> _TASK OBJECTIVE_: Starting with the line below that holds "虫がついてしまいうまく育てる" and stopping after the line that holds "As has been", transcribe the lines exactly, leaving out all pictures.

> _DATA FOR THIS EXERCISE_:
+--

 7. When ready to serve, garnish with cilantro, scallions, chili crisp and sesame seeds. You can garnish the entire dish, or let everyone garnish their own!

+--

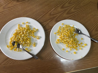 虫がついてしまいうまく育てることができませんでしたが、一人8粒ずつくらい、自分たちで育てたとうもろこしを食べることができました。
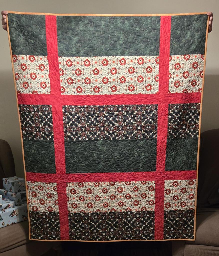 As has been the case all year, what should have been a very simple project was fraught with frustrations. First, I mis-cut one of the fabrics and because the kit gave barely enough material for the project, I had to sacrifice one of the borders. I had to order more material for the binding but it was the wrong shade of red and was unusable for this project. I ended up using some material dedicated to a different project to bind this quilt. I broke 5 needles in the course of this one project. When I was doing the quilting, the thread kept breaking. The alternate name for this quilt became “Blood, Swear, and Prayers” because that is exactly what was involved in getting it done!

+--

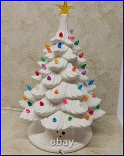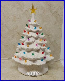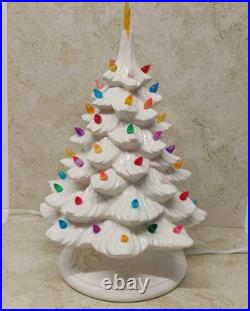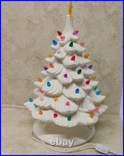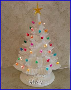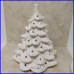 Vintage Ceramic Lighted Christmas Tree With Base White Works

+--

> _EXERCISE RESULT_:
 虫がついてしまいうまく育てることができませんでしたが、一人8粒ずつくらい、自分たちで育てたとうもろこしを食べることができました。
 As has been the case all year, what should have been a very simple project was fraught with frustrations. First, I mis-cut one of the fabrics and because the kit gave barely enough material for the project, I had to sacrifice one of the borders. I had to order more material for the binding but it was the wrong shade of red and was unusable for this project. I ended up using some material dedicated to a different project to bind this quilt. I broke 5 needles in the course of this one project. When I was doing the quilting, the thread kept breaking. The alternate name for this quilt became “Blood, Swear, and Prayers” because that is exactly what was involved in getting it done!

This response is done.